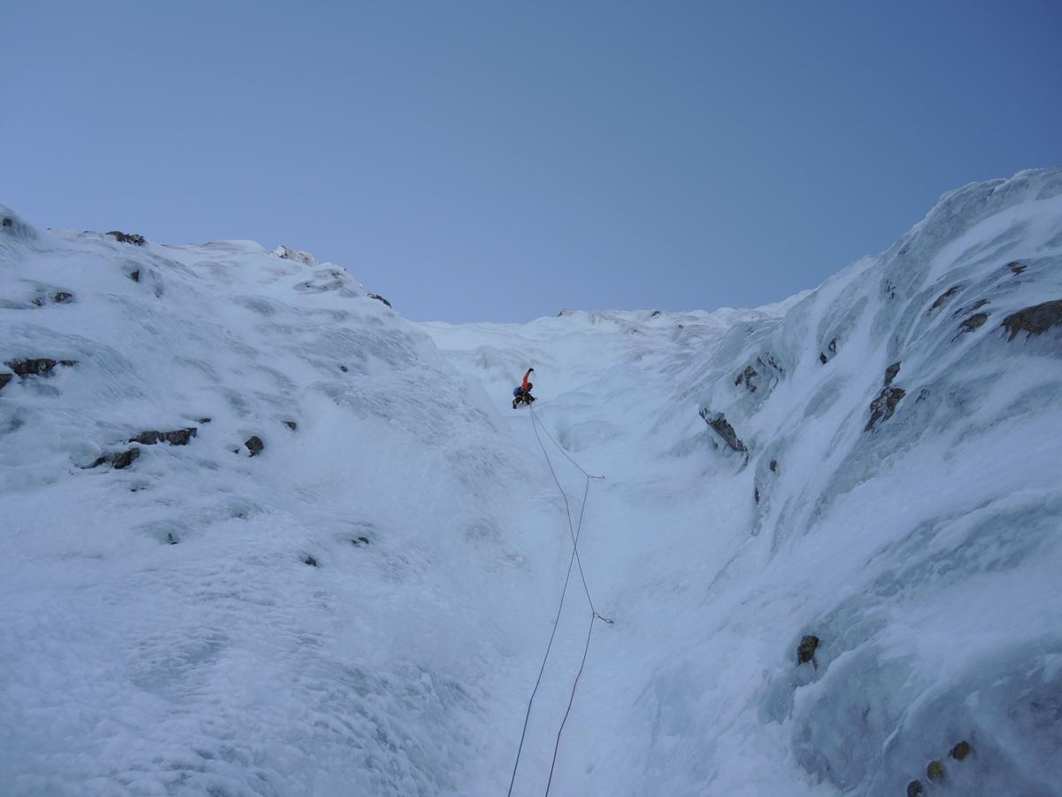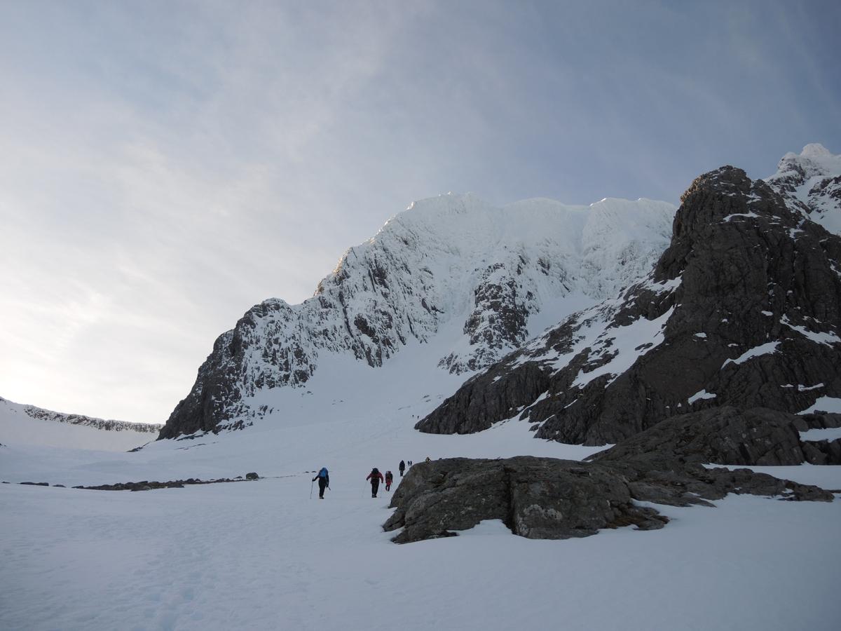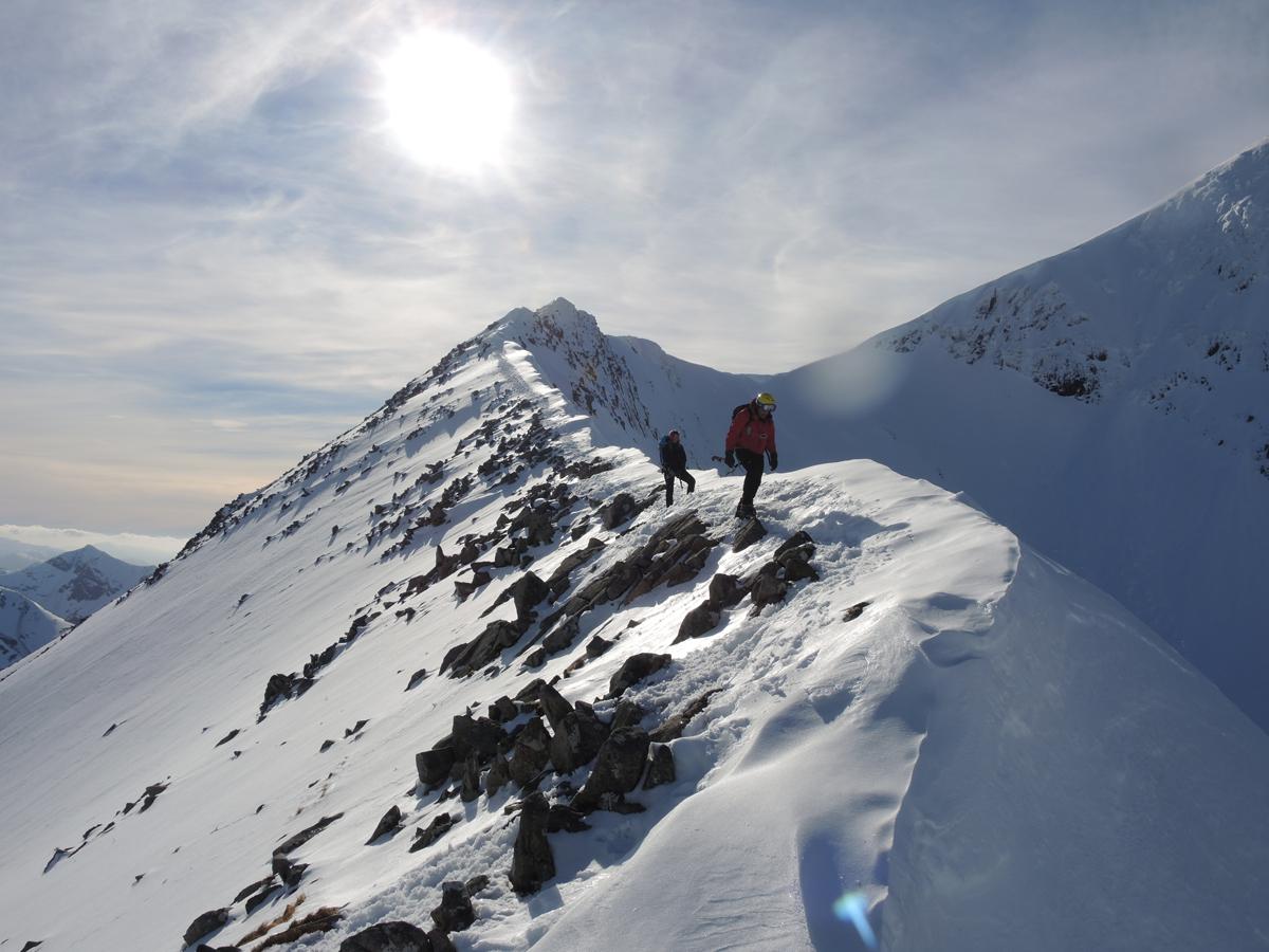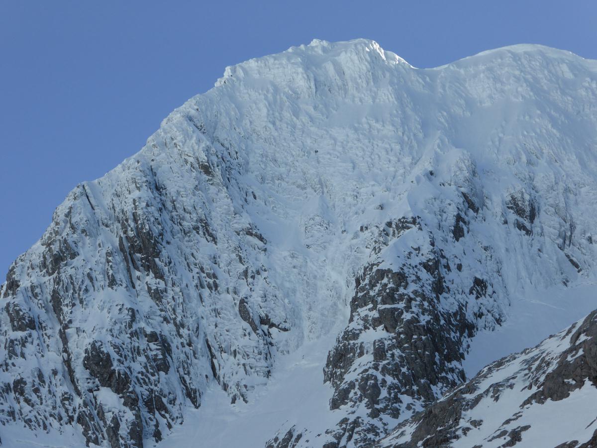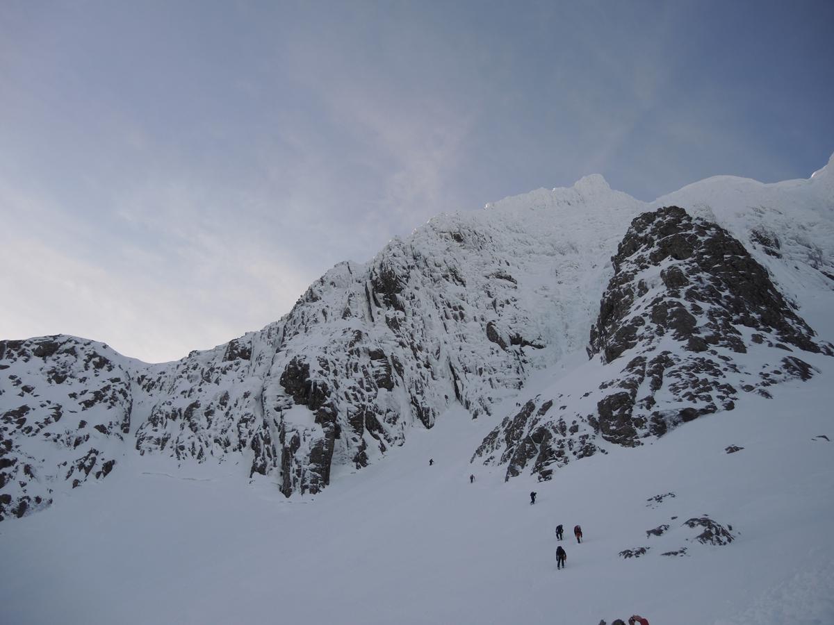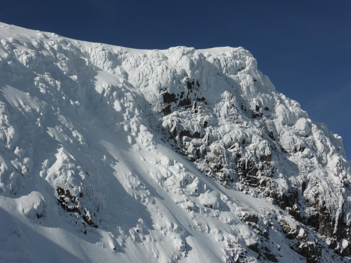En ce début mars 2014 nous cheminons lourdement charger vers le refuge du Ben Nevis. Déjà le soleil tentait d’écarter les nuages, timide encore mais de plus en plus déterminé. La montagne, elle s’était déjà habillé de sa plus belle matière. Elle était de meringue et de gel. Pendant la nuit, les nuages lassés sans doute de s’acharner sur le Ben, capitulent. Trois jours d’un ciel intensément bleu vont nous accompagner pour gouter aux délices de cette montagne. Le jeudi comme pour nous rappeler que nous avions connu l’exception, nous avons retrouvé l’atmosphère humide et opaque du ciel écossais pour descendre plus tard entre les bourrasques qui faisaient chanceler nos charges. Un beau voyage!
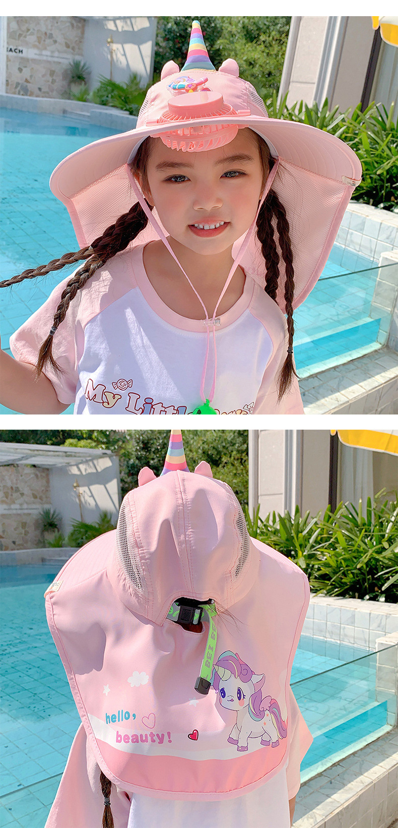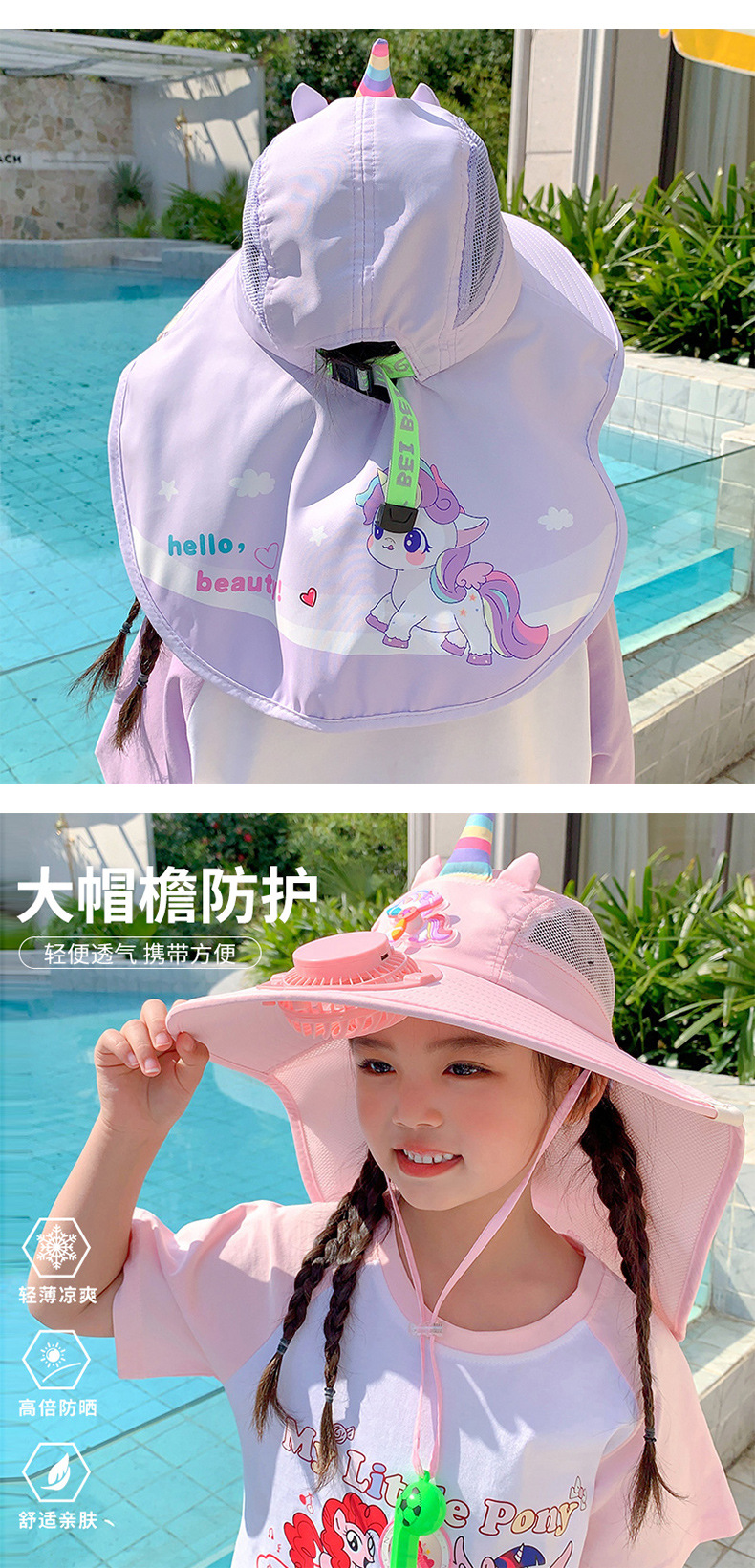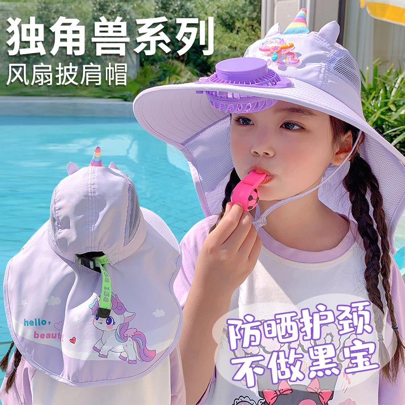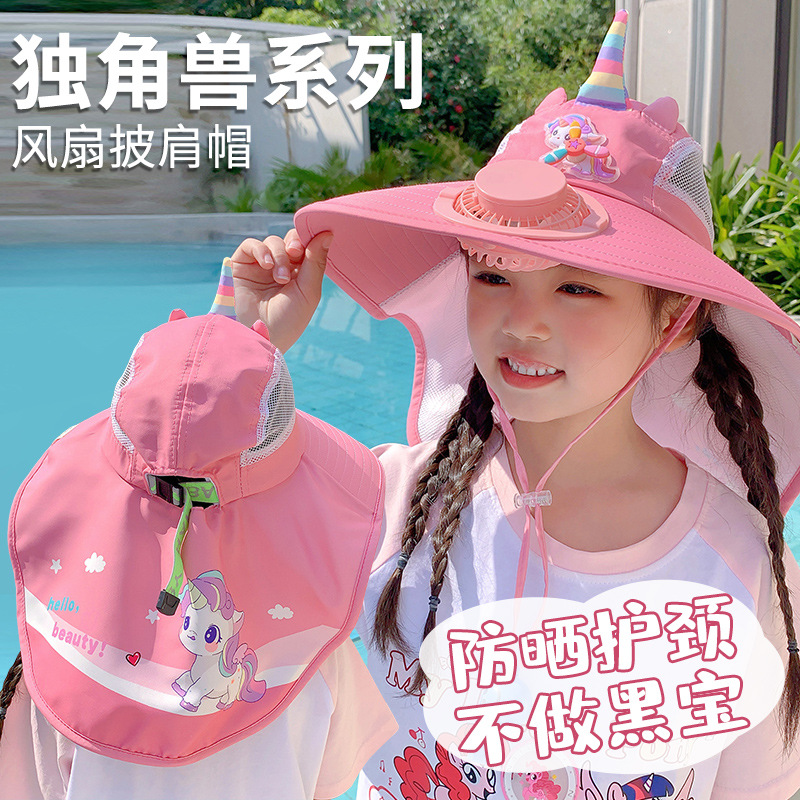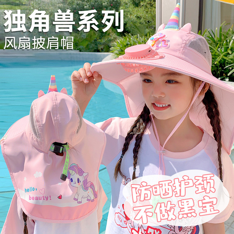 어린이 유니콘 선스크린 모자 팬과 함께 여름 그늘 목도리 모자 큰 모자 남자 및 여자 외출 목 보호 태양 모자
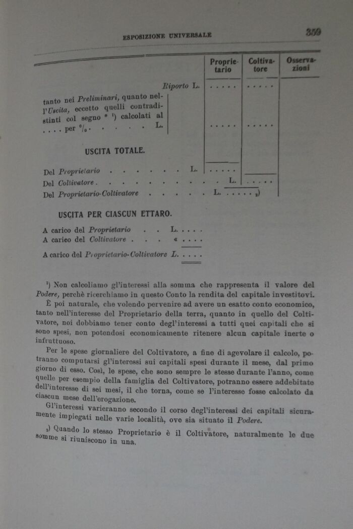 Č poi naturale, che volendo pervenire ad avere un esatto conto economico, tanto nell'interesse del Proprietario della terra, quanto in quello del Coltivatore, noi dobbiamo tener conto degl'interessi a tutti quei capi tali che si sono spesi, non potondosi economicamente ritenere alcun capitale inerte o infruttuoso.
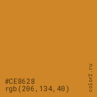Цвет #CE8628 в цветовой модели RGB обозначается тремя октетами (206, 134, 40) в десятичном формате и #CE8628 в шестнадцатиричном (hex) формате, которые являются интенсивностью красного 206 (hex CE), интенсивность зелёного 134 (hex 86) и интенсивность синего 40 (hex 28).
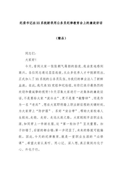【七哥公文】2025年:纪委书记在XX系统新录用公务员纪律教育会上的廉政讲话(精品)+更多免费公文+VX:QiGeGongWen2024

### What you are asked to do
Beginning with the line containing "어린이 유니콘 선스크린" and ending with the last line of the listing above, output those lines exactly as written, without pictures.

### Solution to the exercise
 어린이 유니콘 선스크린 모자 팬과 함께 여름 그늘 목도리 모자 큰 모자 남자 및 여자 외출 목 보호 태양 모자
 Č poi naturale, che volendo pervenire ad avere un esatto conto economico, tanto nell'interesse del Proprietario della terra, quanto in quello del Coltivatore, noi dobbiamo tener conto degl'interessi a tutti quei capi tali che si sono spesi, non potondosi economicamente ritenere alcun capitale inerte o infruttuoso.
Цвет #CE8628 в цветовой модели RGB обозначается тремя октетами (206, 134, 40) в десятичном формате и #CE8628 в шестнадцатиричном (hex) формате, которые являются интенсивностью красного 206 (hex CE), интенсивность зелёного 134 (hex 86) и интенсивность синего 40 (hex 28).
【七哥公文】2025年:纪委书记在XX系统新录用公务员纪律教育会上的廉政讲话(精品)+更多免费公文+VX:QiGeGongWen2024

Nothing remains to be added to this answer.